Dataset content START

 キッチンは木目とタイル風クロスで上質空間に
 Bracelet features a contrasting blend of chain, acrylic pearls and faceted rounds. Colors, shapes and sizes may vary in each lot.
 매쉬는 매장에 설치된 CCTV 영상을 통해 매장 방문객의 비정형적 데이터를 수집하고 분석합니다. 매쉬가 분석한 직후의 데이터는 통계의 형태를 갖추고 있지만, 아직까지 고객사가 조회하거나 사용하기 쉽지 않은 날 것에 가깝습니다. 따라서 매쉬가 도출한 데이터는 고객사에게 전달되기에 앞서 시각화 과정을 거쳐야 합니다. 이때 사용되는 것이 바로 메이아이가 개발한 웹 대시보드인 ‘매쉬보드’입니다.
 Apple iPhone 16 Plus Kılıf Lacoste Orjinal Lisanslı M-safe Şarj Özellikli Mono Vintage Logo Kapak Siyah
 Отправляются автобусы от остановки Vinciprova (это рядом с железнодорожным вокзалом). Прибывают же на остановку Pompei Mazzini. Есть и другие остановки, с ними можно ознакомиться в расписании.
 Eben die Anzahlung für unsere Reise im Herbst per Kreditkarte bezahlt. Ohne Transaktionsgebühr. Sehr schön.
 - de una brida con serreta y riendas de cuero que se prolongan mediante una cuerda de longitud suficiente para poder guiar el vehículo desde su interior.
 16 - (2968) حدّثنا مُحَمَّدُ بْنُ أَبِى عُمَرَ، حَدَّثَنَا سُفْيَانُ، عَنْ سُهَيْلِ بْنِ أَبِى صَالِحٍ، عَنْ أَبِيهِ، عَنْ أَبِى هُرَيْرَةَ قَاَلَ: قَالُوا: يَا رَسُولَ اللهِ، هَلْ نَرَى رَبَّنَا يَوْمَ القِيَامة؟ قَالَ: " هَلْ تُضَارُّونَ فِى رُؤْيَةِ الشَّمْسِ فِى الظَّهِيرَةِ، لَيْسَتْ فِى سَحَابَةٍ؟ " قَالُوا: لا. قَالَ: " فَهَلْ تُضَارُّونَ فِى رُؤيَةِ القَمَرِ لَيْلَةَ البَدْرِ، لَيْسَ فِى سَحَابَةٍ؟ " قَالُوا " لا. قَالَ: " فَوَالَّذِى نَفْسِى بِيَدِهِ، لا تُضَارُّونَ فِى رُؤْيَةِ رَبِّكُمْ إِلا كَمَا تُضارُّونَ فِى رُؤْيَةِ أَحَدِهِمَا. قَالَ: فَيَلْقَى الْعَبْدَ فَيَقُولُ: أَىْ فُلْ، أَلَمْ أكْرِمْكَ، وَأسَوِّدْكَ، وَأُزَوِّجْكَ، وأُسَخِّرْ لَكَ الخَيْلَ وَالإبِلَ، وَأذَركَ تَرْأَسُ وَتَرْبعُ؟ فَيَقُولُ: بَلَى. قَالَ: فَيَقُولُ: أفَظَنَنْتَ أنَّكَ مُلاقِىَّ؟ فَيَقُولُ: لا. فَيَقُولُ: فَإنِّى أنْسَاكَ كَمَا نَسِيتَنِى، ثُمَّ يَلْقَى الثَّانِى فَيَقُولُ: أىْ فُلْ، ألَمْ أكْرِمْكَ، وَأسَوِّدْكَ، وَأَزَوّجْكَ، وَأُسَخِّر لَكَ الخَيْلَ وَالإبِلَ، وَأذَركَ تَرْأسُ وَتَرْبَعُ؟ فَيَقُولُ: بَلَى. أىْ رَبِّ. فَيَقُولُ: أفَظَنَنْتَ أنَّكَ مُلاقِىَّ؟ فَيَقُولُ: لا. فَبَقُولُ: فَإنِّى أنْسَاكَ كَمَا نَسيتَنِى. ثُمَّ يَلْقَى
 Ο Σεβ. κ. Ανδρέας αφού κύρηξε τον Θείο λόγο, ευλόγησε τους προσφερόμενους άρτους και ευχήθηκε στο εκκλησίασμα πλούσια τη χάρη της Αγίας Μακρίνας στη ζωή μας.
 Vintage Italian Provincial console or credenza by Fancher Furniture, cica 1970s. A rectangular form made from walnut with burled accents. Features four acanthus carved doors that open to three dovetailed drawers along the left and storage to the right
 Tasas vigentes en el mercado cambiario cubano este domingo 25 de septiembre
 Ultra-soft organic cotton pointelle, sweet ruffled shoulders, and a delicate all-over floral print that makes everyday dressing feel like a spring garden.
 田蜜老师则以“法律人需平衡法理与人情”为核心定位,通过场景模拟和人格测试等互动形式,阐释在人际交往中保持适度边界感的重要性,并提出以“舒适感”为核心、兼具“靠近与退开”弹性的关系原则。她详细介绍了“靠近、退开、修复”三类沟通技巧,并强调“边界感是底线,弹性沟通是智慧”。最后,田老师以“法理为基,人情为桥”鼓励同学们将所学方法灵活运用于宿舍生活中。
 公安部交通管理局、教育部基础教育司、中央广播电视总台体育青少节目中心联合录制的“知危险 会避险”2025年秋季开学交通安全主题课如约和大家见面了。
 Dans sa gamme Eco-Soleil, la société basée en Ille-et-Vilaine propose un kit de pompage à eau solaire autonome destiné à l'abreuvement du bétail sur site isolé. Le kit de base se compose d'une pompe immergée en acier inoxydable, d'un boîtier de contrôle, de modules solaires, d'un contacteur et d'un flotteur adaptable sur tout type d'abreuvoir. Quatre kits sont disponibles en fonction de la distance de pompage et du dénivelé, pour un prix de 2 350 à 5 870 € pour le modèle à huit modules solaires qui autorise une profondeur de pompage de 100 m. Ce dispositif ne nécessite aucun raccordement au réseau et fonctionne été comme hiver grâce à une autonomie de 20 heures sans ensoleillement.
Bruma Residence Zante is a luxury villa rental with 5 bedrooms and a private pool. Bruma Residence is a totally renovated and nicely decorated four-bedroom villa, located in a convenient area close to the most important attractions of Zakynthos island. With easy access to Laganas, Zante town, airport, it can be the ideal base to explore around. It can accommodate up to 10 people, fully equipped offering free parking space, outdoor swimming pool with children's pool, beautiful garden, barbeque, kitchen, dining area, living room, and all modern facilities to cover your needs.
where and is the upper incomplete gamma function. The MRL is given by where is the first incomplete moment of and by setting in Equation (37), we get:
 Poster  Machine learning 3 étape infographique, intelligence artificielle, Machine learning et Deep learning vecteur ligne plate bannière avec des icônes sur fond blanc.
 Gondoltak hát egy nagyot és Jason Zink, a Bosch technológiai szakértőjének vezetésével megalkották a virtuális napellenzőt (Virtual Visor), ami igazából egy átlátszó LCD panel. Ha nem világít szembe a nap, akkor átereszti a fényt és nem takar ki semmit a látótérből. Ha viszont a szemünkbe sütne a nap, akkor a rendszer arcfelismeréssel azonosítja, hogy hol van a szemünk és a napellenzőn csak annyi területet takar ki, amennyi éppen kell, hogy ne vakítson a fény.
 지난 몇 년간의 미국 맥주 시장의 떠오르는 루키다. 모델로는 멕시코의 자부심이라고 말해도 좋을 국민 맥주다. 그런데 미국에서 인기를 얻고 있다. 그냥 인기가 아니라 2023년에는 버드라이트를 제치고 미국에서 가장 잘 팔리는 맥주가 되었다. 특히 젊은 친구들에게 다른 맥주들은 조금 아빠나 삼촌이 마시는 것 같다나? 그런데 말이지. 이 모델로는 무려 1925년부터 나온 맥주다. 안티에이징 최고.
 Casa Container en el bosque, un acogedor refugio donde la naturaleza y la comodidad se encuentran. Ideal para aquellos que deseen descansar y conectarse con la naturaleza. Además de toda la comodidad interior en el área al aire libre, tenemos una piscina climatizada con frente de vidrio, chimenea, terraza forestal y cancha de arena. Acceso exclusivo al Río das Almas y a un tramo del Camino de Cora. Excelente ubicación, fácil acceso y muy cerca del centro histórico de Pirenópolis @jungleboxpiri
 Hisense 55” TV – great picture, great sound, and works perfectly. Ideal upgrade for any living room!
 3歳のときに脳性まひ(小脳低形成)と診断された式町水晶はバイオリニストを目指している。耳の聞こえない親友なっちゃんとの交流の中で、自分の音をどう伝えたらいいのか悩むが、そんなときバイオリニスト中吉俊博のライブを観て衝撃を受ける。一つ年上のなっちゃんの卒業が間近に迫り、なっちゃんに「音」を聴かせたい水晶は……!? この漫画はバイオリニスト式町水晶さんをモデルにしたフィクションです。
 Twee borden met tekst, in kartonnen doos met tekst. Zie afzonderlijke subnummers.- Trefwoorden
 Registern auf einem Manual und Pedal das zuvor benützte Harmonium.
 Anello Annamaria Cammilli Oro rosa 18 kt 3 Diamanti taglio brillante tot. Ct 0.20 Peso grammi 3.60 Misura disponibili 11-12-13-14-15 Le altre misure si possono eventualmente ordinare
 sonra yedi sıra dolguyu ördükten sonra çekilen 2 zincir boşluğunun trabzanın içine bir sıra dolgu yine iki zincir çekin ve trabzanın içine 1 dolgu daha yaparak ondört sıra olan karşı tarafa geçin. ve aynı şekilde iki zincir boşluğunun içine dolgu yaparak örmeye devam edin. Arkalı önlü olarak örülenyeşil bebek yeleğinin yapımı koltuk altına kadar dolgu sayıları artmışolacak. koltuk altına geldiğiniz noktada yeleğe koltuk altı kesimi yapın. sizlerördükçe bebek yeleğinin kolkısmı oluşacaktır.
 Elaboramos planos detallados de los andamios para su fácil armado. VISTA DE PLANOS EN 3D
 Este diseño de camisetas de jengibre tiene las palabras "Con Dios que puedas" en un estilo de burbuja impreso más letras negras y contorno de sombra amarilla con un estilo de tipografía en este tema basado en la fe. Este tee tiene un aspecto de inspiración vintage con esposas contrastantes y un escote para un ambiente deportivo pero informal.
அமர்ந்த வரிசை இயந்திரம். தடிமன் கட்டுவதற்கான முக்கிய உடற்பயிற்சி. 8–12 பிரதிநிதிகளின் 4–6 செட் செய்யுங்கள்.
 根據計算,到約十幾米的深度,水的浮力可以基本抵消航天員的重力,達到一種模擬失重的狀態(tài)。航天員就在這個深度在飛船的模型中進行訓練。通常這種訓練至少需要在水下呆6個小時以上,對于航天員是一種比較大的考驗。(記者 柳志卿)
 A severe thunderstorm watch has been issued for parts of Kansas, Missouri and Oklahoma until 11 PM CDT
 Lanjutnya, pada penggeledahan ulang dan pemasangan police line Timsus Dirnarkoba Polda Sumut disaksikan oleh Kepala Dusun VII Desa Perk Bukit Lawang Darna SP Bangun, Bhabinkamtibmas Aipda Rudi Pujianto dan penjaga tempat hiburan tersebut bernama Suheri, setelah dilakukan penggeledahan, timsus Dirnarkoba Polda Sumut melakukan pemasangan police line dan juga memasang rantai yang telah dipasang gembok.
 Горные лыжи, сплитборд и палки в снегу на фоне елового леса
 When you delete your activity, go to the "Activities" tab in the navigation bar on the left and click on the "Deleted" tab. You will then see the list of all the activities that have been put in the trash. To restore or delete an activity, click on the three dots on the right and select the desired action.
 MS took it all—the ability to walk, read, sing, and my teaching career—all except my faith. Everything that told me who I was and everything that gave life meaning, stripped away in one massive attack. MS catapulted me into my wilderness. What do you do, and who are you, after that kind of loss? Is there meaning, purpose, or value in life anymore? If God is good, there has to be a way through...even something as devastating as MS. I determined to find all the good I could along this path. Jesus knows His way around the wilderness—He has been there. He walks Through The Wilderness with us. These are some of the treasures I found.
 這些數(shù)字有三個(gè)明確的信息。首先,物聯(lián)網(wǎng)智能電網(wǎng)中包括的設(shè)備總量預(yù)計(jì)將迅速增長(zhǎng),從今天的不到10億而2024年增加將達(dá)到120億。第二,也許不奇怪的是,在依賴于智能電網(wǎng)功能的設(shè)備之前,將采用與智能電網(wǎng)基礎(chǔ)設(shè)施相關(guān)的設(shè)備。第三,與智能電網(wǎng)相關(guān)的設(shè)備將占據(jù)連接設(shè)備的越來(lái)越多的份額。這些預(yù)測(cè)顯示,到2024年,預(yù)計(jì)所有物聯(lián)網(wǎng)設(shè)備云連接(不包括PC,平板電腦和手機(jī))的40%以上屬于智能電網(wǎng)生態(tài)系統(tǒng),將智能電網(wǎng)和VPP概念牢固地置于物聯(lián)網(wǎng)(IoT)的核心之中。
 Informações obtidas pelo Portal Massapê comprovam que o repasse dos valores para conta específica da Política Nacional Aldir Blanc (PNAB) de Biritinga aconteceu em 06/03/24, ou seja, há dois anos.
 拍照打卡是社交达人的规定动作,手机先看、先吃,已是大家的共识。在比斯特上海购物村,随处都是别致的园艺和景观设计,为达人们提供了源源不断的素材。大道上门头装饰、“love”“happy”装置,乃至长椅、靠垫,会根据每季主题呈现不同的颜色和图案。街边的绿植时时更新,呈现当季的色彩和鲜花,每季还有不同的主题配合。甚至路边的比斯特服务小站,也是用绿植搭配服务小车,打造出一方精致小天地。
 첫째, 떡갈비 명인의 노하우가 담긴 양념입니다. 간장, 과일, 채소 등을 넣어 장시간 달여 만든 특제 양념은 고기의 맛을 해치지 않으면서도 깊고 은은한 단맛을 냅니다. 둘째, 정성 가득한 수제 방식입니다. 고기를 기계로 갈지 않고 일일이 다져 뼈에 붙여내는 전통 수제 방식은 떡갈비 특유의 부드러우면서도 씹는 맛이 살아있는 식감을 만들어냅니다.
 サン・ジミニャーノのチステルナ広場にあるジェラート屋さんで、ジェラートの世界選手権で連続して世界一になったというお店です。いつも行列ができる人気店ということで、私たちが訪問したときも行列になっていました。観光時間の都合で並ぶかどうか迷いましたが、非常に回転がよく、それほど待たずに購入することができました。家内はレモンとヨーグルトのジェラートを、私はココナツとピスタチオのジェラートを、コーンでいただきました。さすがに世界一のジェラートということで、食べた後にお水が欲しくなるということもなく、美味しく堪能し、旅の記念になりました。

Dataset content END

(Activity) Could you restate word for word the lines above from the one containing "sur fond blanc." through the one containing "any living room!", both included, and nothing else?

(Solved problem)
 Poster  Machine learning 3 étape infographique, intelligence artificielle, Machine learning et Deep learning vecteur ligne plate bannière avec des icônes sur fond blanc.
 Gondoltak hát egy nagyot és Jason Zink, a Bosch technológiai szakértőjének vezetésével megalkották a virtuális napellenzőt (Virtual Visor), ami igazából egy átlátszó LCD panel. Ha nem világít szembe a nap, akkor átereszti a fényt és nem takar ki semmit a látótérből. Ha viszont a szemünkbe sütne a nap, akkor a rendszer arcfelismeréssel azonosítja, hogy hol van a szemünk és a napellenzőn csak annyi területet takar ki, amennyi éppen kell, hogy ne vakítson a fény.
 지난 몇 년간의 미국 맥주 시장의 떠오르는 루키다. 모델로는 멕시코의 자부심이라고 말해도 좋을 국민 맥주다. 그런데 미국에서 인기를 얻고 있다. 그냥 인기가 아니라 2023년에는 버드라이트를 제치고 미국에서 가장 잘 팔리는 맥주가 되었다. 특히 젊은 친구들에게 다른 맥주들은 조금 아빠나 삼촌이 마시는 것 같다나? 그런데 말이지. 이 모델로는 무려 1925년부터 나온 맥주다. 안티에이징 최고.
 Casa Container en el bosque, un acogedor refugio donde la naturaleza y la comodidad se encuentran. Ideal para aquellos que deseen descansar y conectarse con la naturaleza. Además de toda la comodidad interior en el área al aire libre, tenemos una piscina climatizada con frente de vidrio, chimenea, terraza forestal y cancha de arena. Acceso exclusivo al Río das Almas y a un tramo del Camino de Cora. Excelente ubicación, fácil acceso y muy cerca del centro histórico de Pirenópolis @jungleboxpiri
 Hisense 55” TV – great picture, great sound, and works perfectly. Ideal upgrade for any living room!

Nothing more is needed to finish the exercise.